Das Gymnasium in Bayern steht möglicherweise erneut vor Veränderungen, das mag wohl sein. Ungeachtet dessen sind und Aufgaben gestellt, die es zu bewältigen und auszugestalten gilt. Ich denke da an die Forderung, alle Schulen mögen sich ein Schulentwicklungsprogramm geben im Rahmen des Konzepts der „Eigenverantwortlichen Schule“. Im gleichen Zusammenhang sollen Grundsätze einer Erziehungspartnerschaft zwischen Schule und Elternhaus festgeschrieben werden.

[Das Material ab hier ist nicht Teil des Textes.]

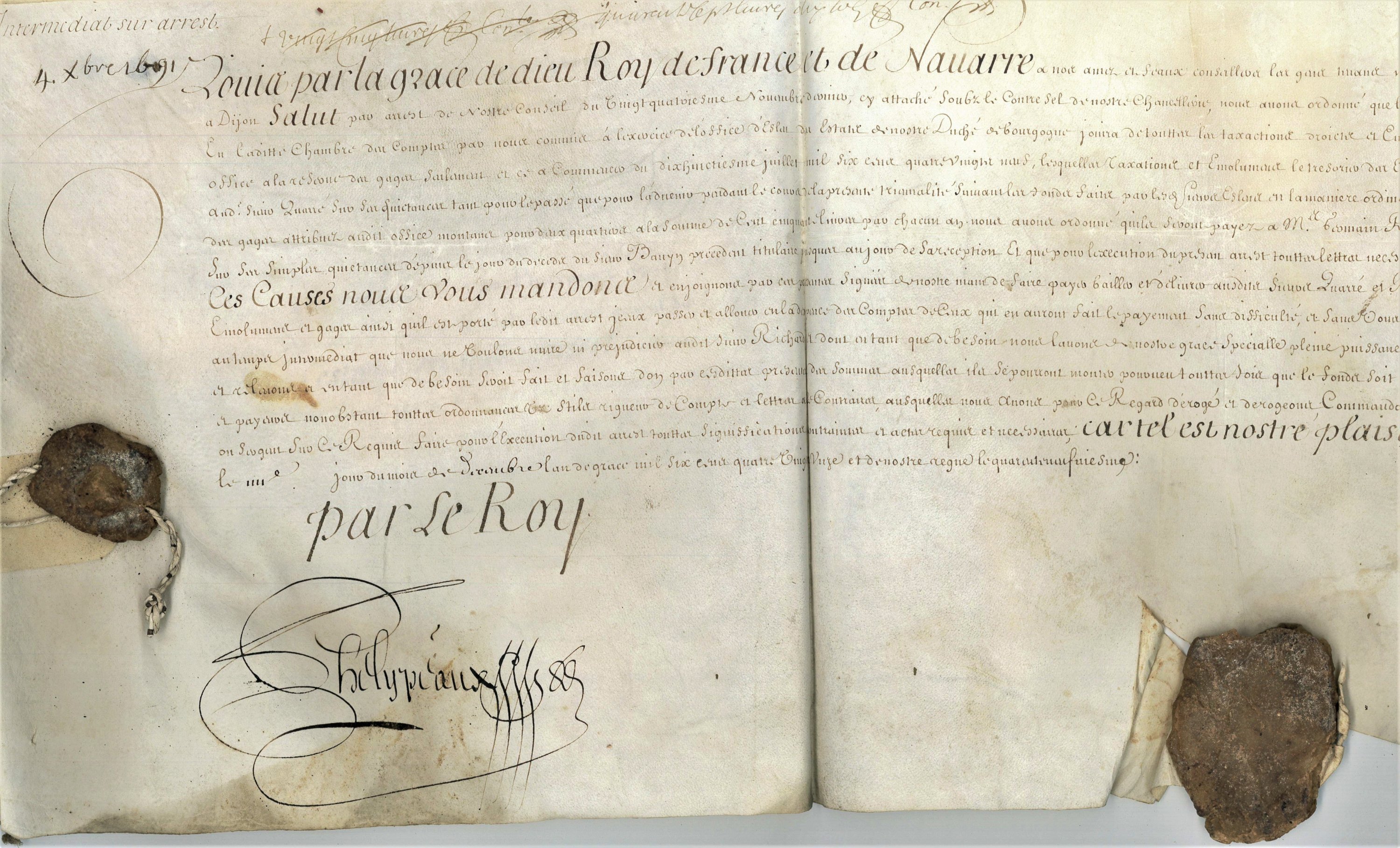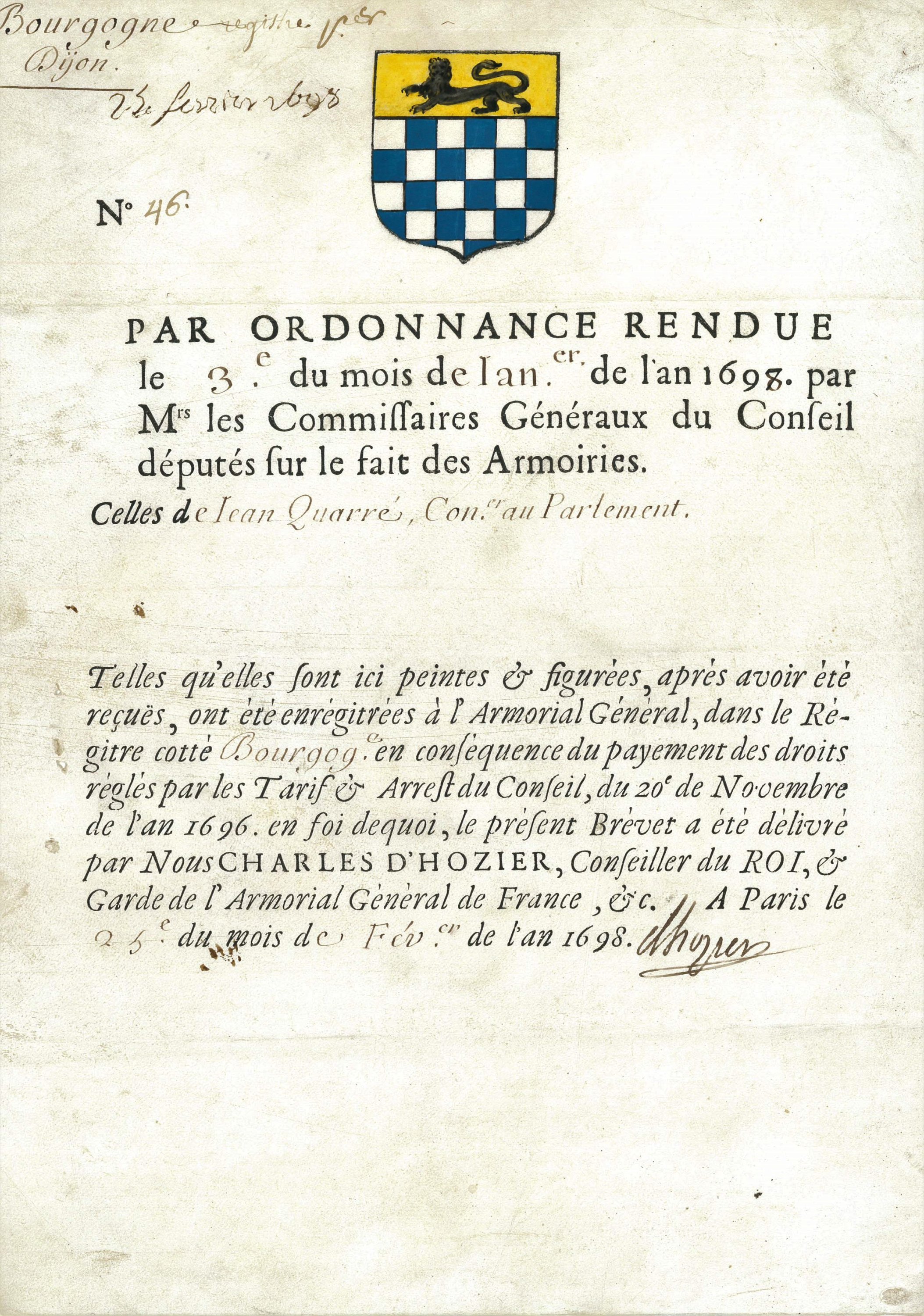 FAMILLE QUARRÉ DE LIVRON, OFFICIERS AU PARLEMENT DE BOURGOGNE,...](<150:ddoc-1144352-6951f55c88ee05262049927109bc9b04-518_7.jpg, <480:ddoc-1144353-65136ef10d08d757cd3f93289bcc759d-518_7.jpg, <640:ddoc-1144354-a2ad9062513e4df5e2dddbf9d6d25b3b-518_7.jpg, <900:ddoc-1144355-a548c4a629579838abd3e11a0b8b310d-518_7.jpg, <1200:ddoc-1144356-999fd3ee612804dc8ba8e16cc1338185-518_7.jpg, >1200:ddoc-1144351-f753c242d02240178fcdcc17dee78c7a-518_7.jpg)
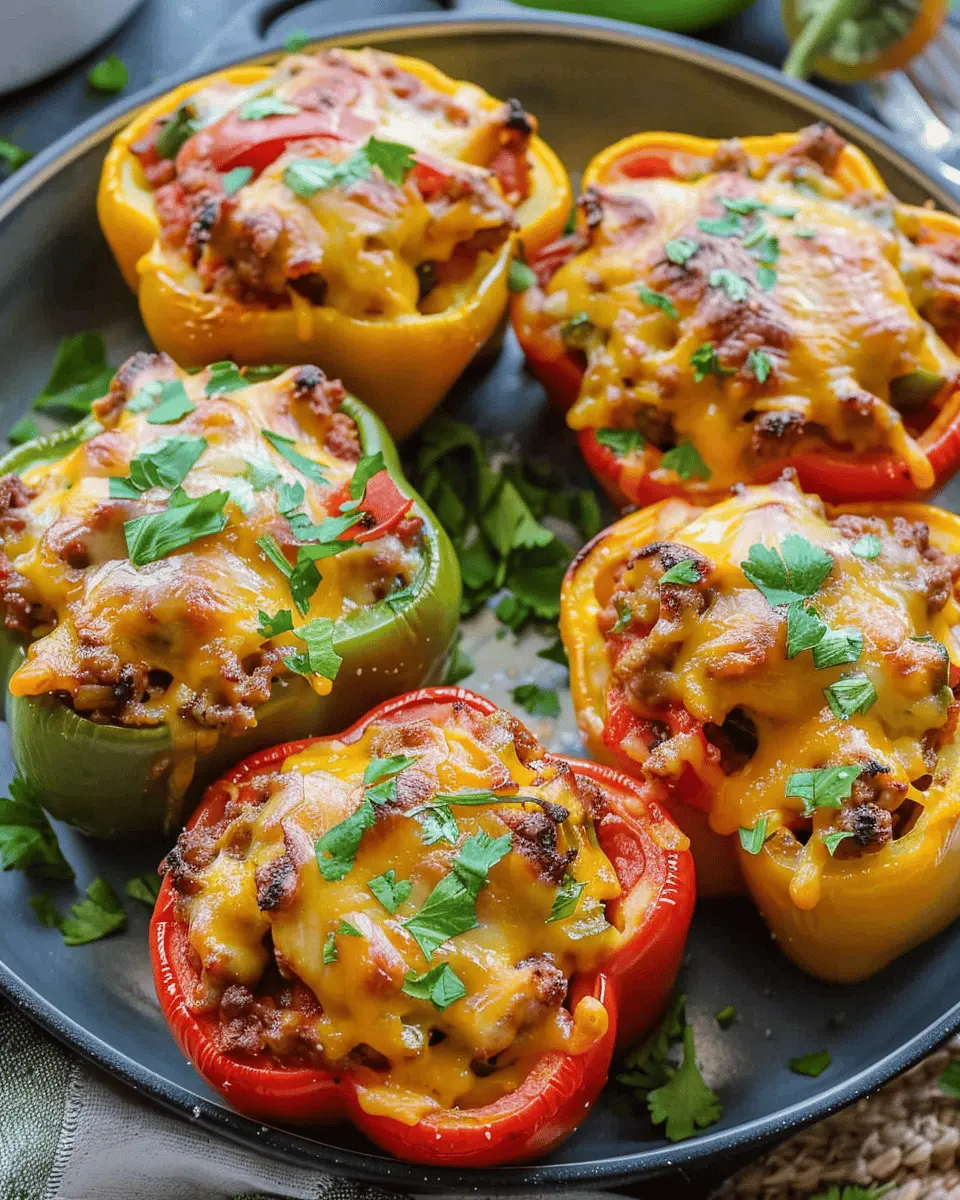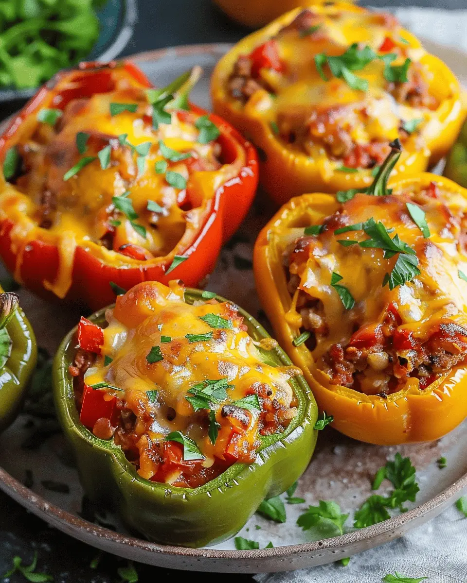 When it comes to presentation, a little creativity goes a long way. Serve your stuffed bell peppers on a colorful platter, garnished with fresh herbs like parsley or basil. This pop of green not only looks appetizing but also hints at the freshness of your meal.
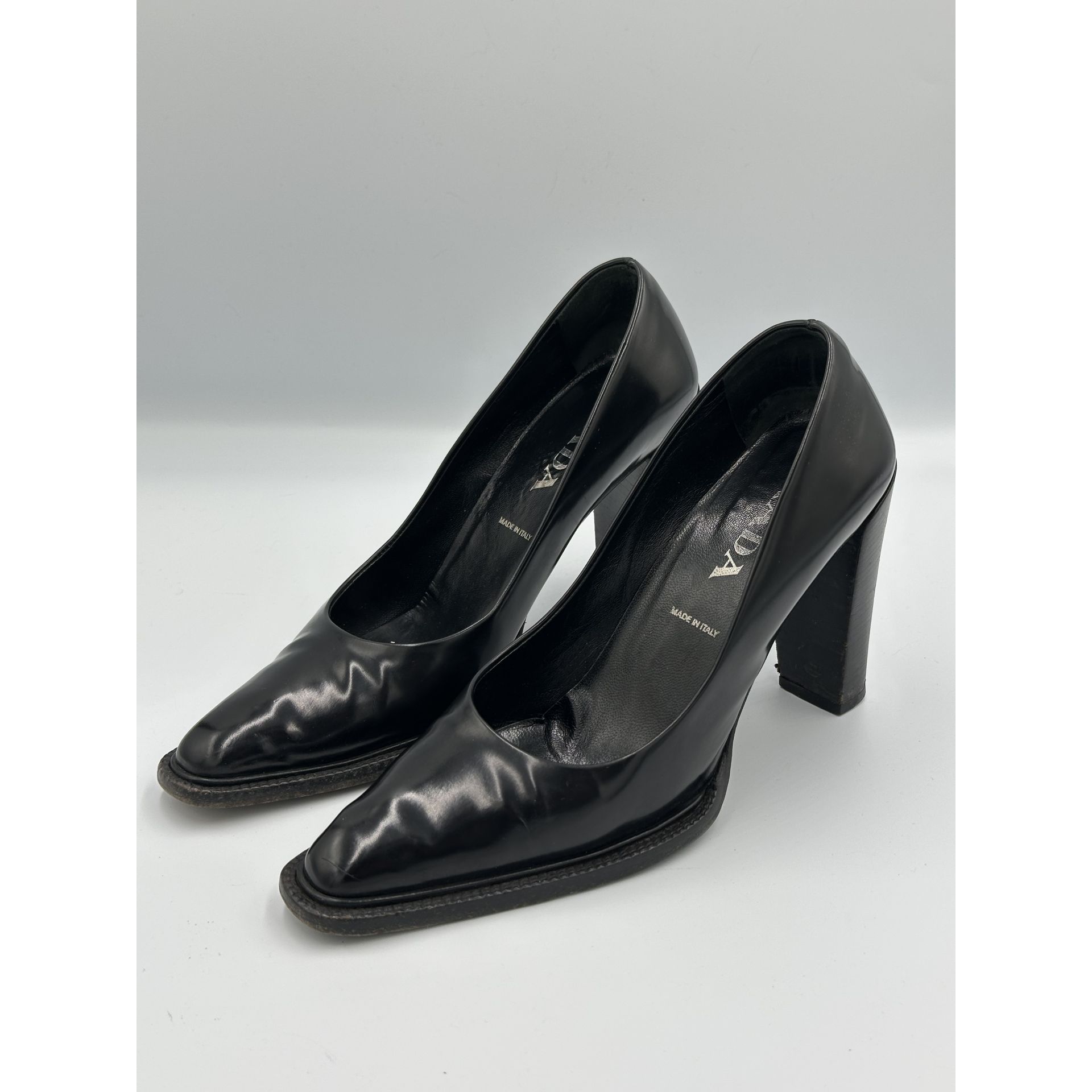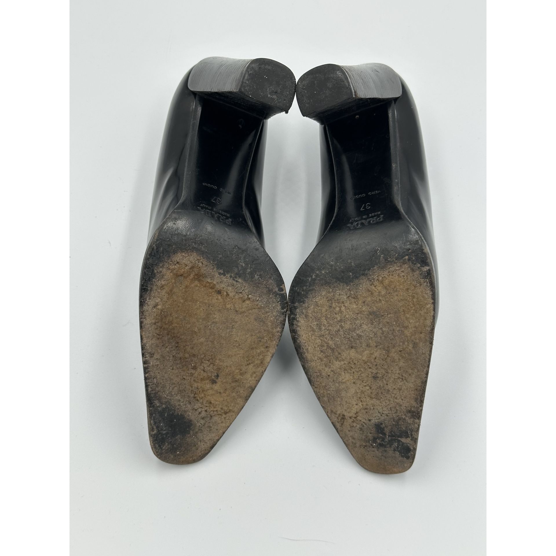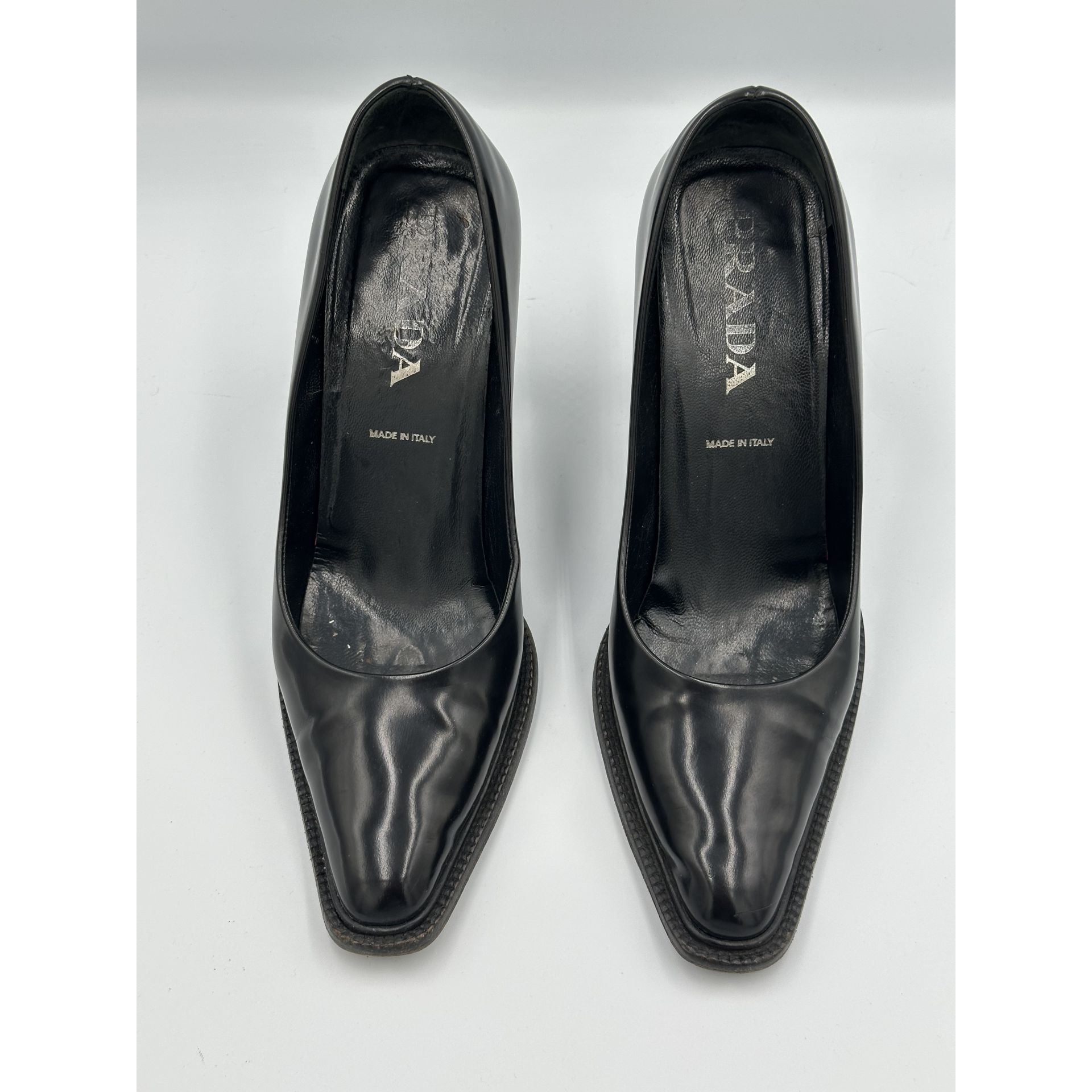 Klasyczne czółenka Prada z czarnej skóry, z wyraźnie zarysowanym kwadratowym noskiem, solidnym słupkowym obcasem oraz minimalistycznym włoskim designem, który tworzy ponadczasowy i elegancki wygląd.
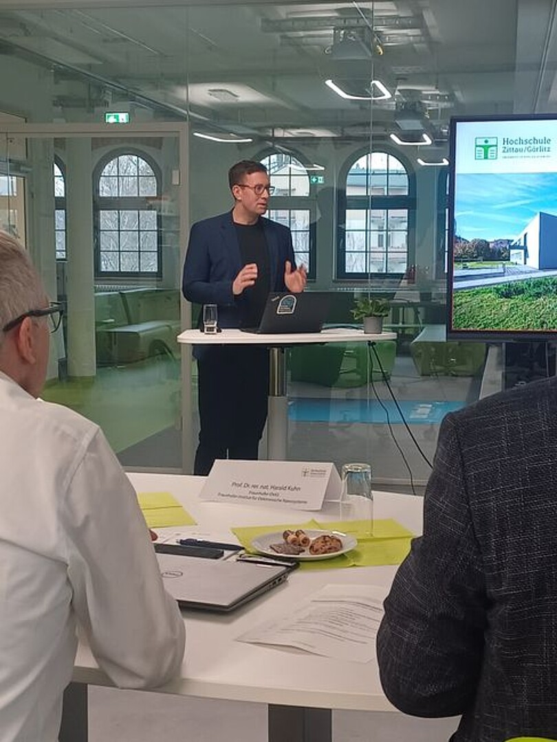 „Quantum Saxony“ war eines der ausgewählten Projekte, welche Wissenschaftlerinnen und Wissenschaftler der HSZG Ende Januar ihren Forscherkolleginnen und -kollegen des Fraunhofer-Instituts ENAS vorstellten. Als weitere aktuelle Forschungsvorhaben und Forschungszentren der HSZG wurden u.a. präsentiert und diskutiert: Das Science Center Oberlausitz (SCO-TTi) der HSZG, das Projekt EKI-Saxony (Energieautarke Kommunikations- & Informationstechnologien aus Sachsen für industrielle Anwendungen), Themen des Instituts für Prozesstechnik, Prozessautomatisierung und Messtechnik (IPM) wie RoSA-ReCycle (Robotic Sorting and Automation for Recycling), CircEcon (Center for Green Circular Economy) oder die HSZG-Projekte ZukLOS (Zukunftslernort Oberlausitz) oder Green Zitty mit dem Ziel einer wissenschaftlichen Landesgartenschau in der Region der Oberlausitz in den kommenden Jahren.
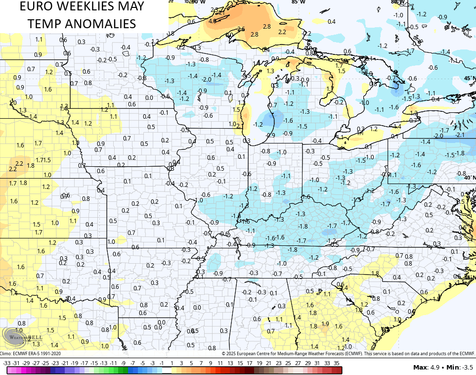 The EURO Weeklies continue to show May with slightly cooler than normal temperatures…
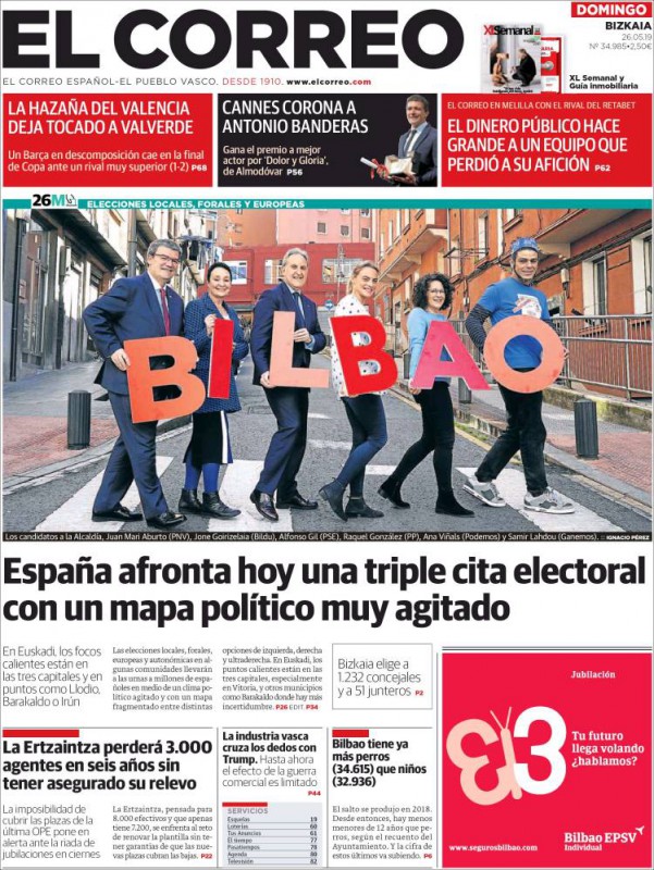 El Correo: "España afronta hoy una triple cita electoral con un mapa político muy agitado"; "La hazaña del Valencia deja tocado a Valverde"; "Cannes corona a Antonio Banderas".
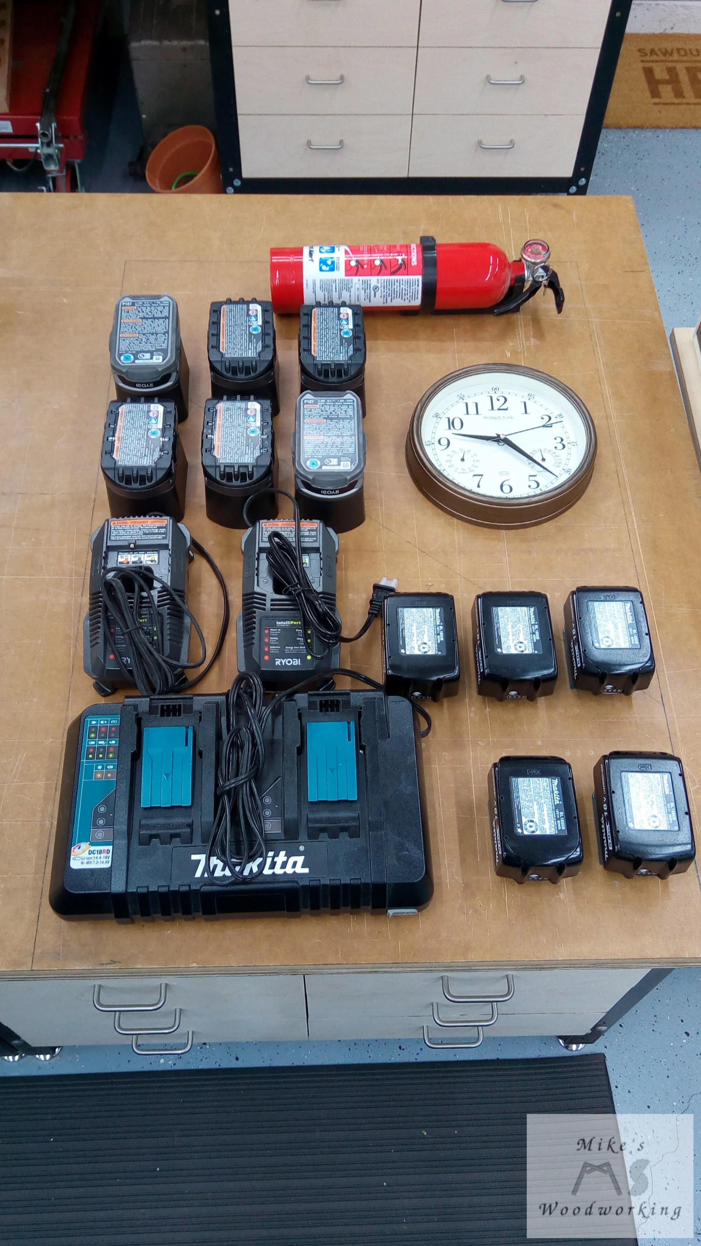 One thing I AM content with is the fact that I have all of my Ryobi and Makita batteries and chargers, along with my clock and fire extinguisher, hanging on the side of the scrapwood cabinet. This is an ideal location for all of these, not to mention the only convenient place available for all of these items in the shop.

Der Name OP ist schon deshalb ein Schulentwicklungsprogramm im geforderten Sinne, weil er untrennbar verbunden ist mit der ureigensten Kraft jeder Entwicklung des Menschen und seiner Gesellschaftsformen. Gemeint ist die Phantasie, zu der sich Preußler immer wieder geäußert hat. Ich zitiere:

„Ohne die Gabe der Phantasie wäre der Mensch mit all seinem Verstand nicht dazu befähigt gewesen, auch nur eine einzige bahnbrechende Erfindung zu machen, ohne sie auch nur um einen einzigen Schritt auf dem Wege des technischen, des wirtschaftlichen, des kulturellen, auch des moralischen Fortschritts weiterzukommen. Ohne Phantasie keine Liebe in der Welt, aber auch kein Hass, ohne sie kein Edelmut, aber auch kein verbrechen; ohne sie keine Sehnsucht nach dem ewigen Leben, ohne sie keine Todesfurcht.“

Diese Äußerung spannt bereits einen Bogen, der nahezu jedes Unterrichtsfach irgendwo berührt. Abgesehen davon, dass wir uns mit Preußlers Büchern auf den unterschiedlichsten Niveaus im Fach Deutsch beschäftigen können und sollten – ich schließe da die Oberstufe mit anspruchsvollen analytischen und theoretischen Ansätzen nicht aus- trifft sein Werk in unserer Schule auf besonders fruchtbaren Boden in allen Bereichen der Kunst und des darstellenden Spiels. Hier gibt es alte und anspruchsvolle Traditionen, an die wir anknüpfen können. Ein Schwerpunkt, der sich im vergangenen Jahr intensiviert hat, gilt der Geschichte. Wir haben ein beachtliches Zeitzeugenprojekt begründet, in Kooperation mit dem örtlichen Geschichtsverein übrigens. Zusätzlich zu seinem literarischen Schaffen für Kinder, Jugendliche und Erwachsene hat uns OP Texte hinterlassen, in denen er seine eigene Geschichte beschreibt, die in Teilen hart und schwer zu ertragen gewesen ist. Auch er ist ein Zeitzeuge, man denke an das, was er über Krieg, Gefangenschaft und Vertreibung geschrieben hat, aber auch über Versöhnung und Völkerverständigung. Die 5 Jahre der Gefangenschaft in Russland hat er im Nachhinein mit einem zehnsemestrigen Studium verglichen mit den Schwerpunkten Philosophie, praktische Menschenkunde und dem Erlernen der russischen Sprache. Berührend sind die Aufzeichnungen vor allem wegen der Begegnungen mit Menschen, die man damals gemeinhin als Feine bezeichnete. Ich denke an die Soldatin der Roten Armee, die ihn vor dem Verdursten rettete, die jüdische Ärztin im Lazarett, die ihn gesund pflegte, den Mitgefangenen, der ihm einen Teil seiner Mittagsration abtrat. Er berichtet vom Geschichtenerzählen und vom Theaterspielen im Lager, das ihm und seinen Mitgefangenen das Leben erträglicher machte und die Hoffnung erhielt. Vor wenigen Tagen erst erreichte uns eine Bekanntmachung aus dem Kultusministerium zur Erinnerung an Flucht, Vertreibung und Deportation. Der Aufforderung an die Schulen, ihren Beitrag zur Völkerverständigung in Europa zu leisten, in dem sie Flucht, Vertreibung und Deportation, vor allem aber Versöhnung, zum Thema machen, werden wir sicher gerne Folge leisten. Mögliche externe Partner befinden sich heute unter uns. Die Öffnung nach Europa haben wir durch unsere Teilnahme am Comenius-Programm bereits begonnen und wir wollen diesen Weg weiter entwickeln.

Der vorhin angesprochenen Aufgabe, Eckpunkte einer Erziehungspartnerschaft zwischen Elternhaus und Schule zu formulieren, ist eigentlich im Vorfeld der Namensgebung schon entsprochen worden.